During the 13 weeks to 31 July, the group’s revenue, including fuel, was £4.79bn, up by 4.5% from £4.58bn in Q3 2021.
Morrisons said that its group like-for-like (LFL) sales, excluding fuel, fell by 3.1% in the quarter.
In addition, its adjusted earnings before interest, tax, depreciation and amortisation (EBITDA) declined from £356m in Q3 2021 to £177m.
Morrisons chief executive David Potts said: “The speed, scale and severity of cost and energy price increases, exacerbated by the terrible war in Ukraine, had significant impacts through the quarter, but the market is still growing, and the energy price guarantee will ease pressure on consumers.
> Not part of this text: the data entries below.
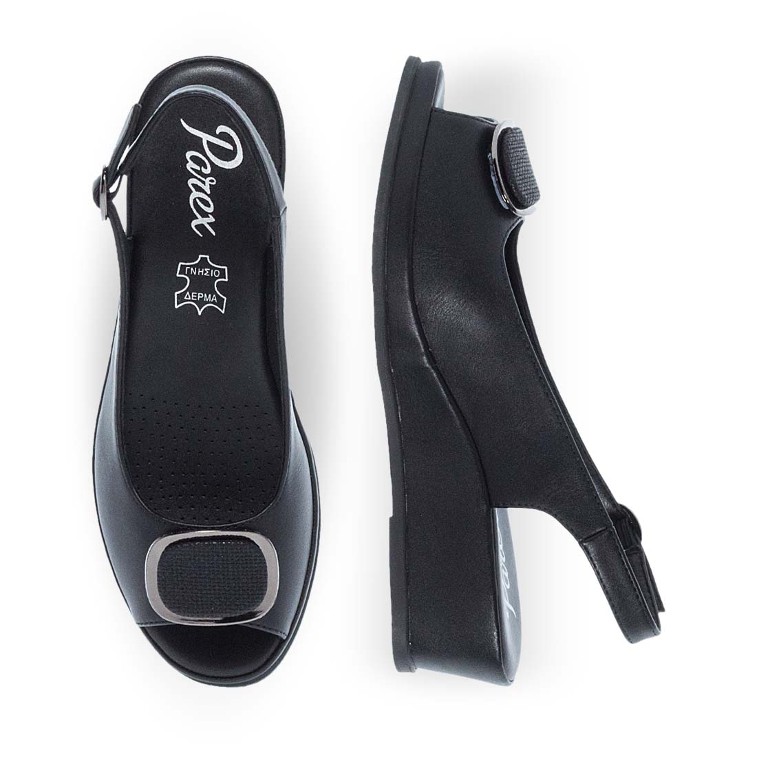 Γυναικεία άνετα πέδιλα Parex σε στιλ Peep toe. Διαθέτει λουράκι στο πίσω μέρος του ποδιού το οποίο κλείνει με αγκράφα και μεταλλικό στοιχείο που ξεχωρίζει στο μπροστά μέρος. Διαθέτουν μαλακό πέλμα και σταθερή σόλα πλατφόρμα ειδικά σχεδιασμένη για να σας χαρίζει ξεκούραστα βήματα. Μια κλασσική και διαχρονική δημιουργία που θα λατρέψετε για κάθε περίσταση. Διαθέσιμα σε μαύρο και μπεζ χρώμα ώστε να ταιριάζουν με όλη την γκαρνταρόμπα σας.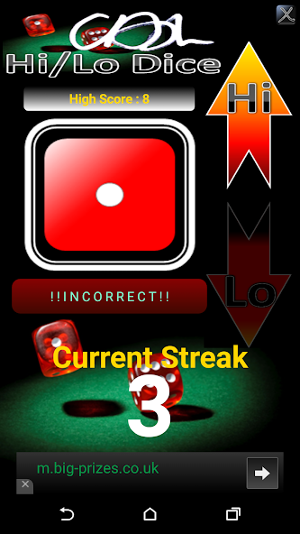 Build the longest streak possible, guessing if the next Dice is higher or lower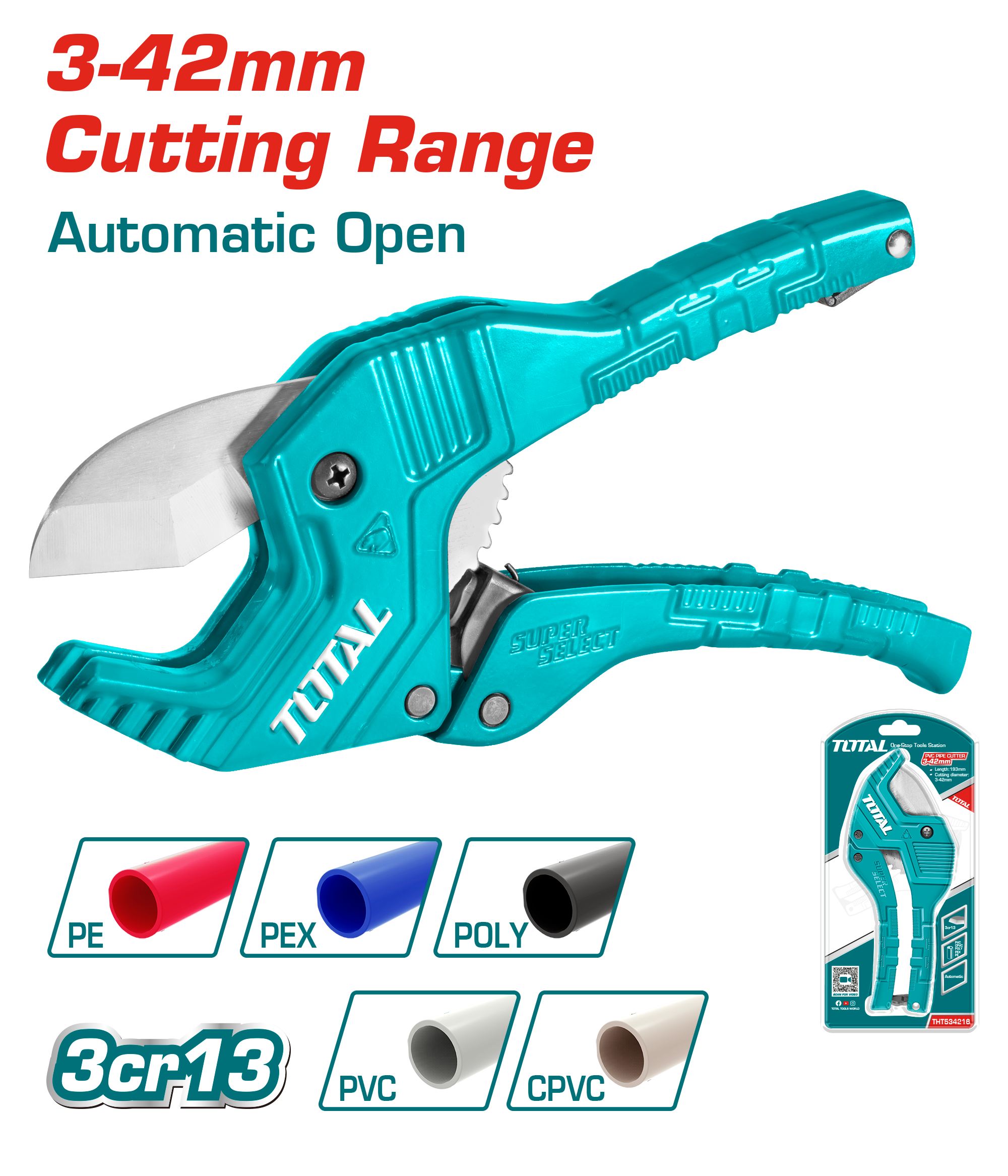 THT534216 - مقص بواري PVC طول 193 مم قطر 3 الى 42 مم TOTAL موديل حديث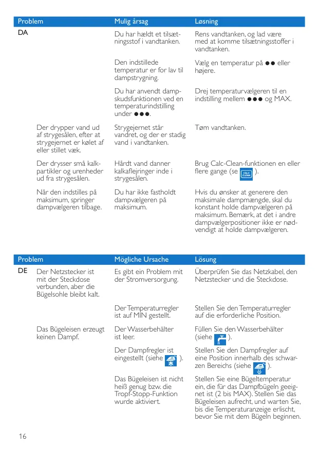 Sie haben die Dampfstoß-Funktion zu oft innerhalb zu kurzer Zeit aktiviert. Bügeln Sie eine Zeit lang mit waagerecht gehaltenem Bügeleisen weiter, bevor Sie die DampfstoßFunktion erneut betätigen. Das Bügeleisen ist nicht heiß genug. Stellen Sie eine Temperatur ein, die für die Dampfstoß-Funktion geeignet ist (3 bis MAX). Stellen Sie das Bügeleisen aufrecht, und warten Sie, bis die Temperaturanzeige erlischt, bevor Sie die Dampfstoß-Funktion verwenden. Der Wasserbehälter ist leer. Füllen Sie den Wasserbehälter (siehe Sie haben die Verschlusskappe der Einfüllöffnung nicht richtig geschlossen. Drücken Sie auf die Verschlusskappe, bis sie hörbar einrastet. Sie haben einen Zusatz in den Wasserbehälter gegeben. Spülen Sie den Wasserbehälter aus. Verwenden Sie keine Zusatzmittel. Die eingestellte Temperatur ist zum Dampfbügeln zu niedrig. Stellen Sie eine andere Temperatur ein (2 oder höher). Sie haben die Dampfstoß-Funktion bei einer Temperatureinstellung unter 3 verwendet. Stellen Sie den Temperaturregler auf eine Einstellung zwischen 3 und MAX. Wasser tropft von der Bügelsohle, nachdem das Bügeleisen abgekühlt ist oder weggestellt wurde. Sie haben das Bügeleisen waagerecht abgestellt, und es war noch Wasser im Wasserbehälter. Leeren Sie den Wasserbehälter. Kalkpartikel und Verunreinigungen treten beim Bügeln aus der Bügelsohle aus. Durch hartes Wasser bilden sich Kalkpartikel in der Bügelsohle. Verwenden Sie ein- oder mehrmals die Calc-Clean Funktion (siehe Wenn der Dampfregler auf die höchste Stufe gestellt wird, springt er wieder zurück. Sie haben den Dampfregler nicht auf der höchsten Stufe festgehalten. Wenn Sie den maximalen Dampfausstoß erzeugen wollen, müssen Sie den Dampfregler auf der höchsten Stufe festhalten. Bitte beachten Sie, dass es auf jeder niedrigeren Stufe nicht notwendig ist, den Dampfregler festzuhalten. Das Bügeleisen gibt keinen Dampfstoß ab. Wasser tropft beim Bügeln auf das Gewebe.

“We are doing everything we can to keep prices down for customers. Last quarter, we introduced one of our biggest ever price cut campaigns and in Q3, we introduced our popular Summer Collector scheme.
“Earlier this week we announced another significant price cut programme across 150 of our most popular products and tomorrow we are launching a timely fuel promotion – with £0.05 a litre off with a £40 spend in store – to help customers with the high cost of motoring.
“I want to thank all Morrisons colleagues for their continued hard work and dedication to helping our customers through an exceptionally difficult period for UK consumers.
“They continue to be a beacon of compassion and consideration – and the affection and appreciation that our customers have for their work are evident every day.”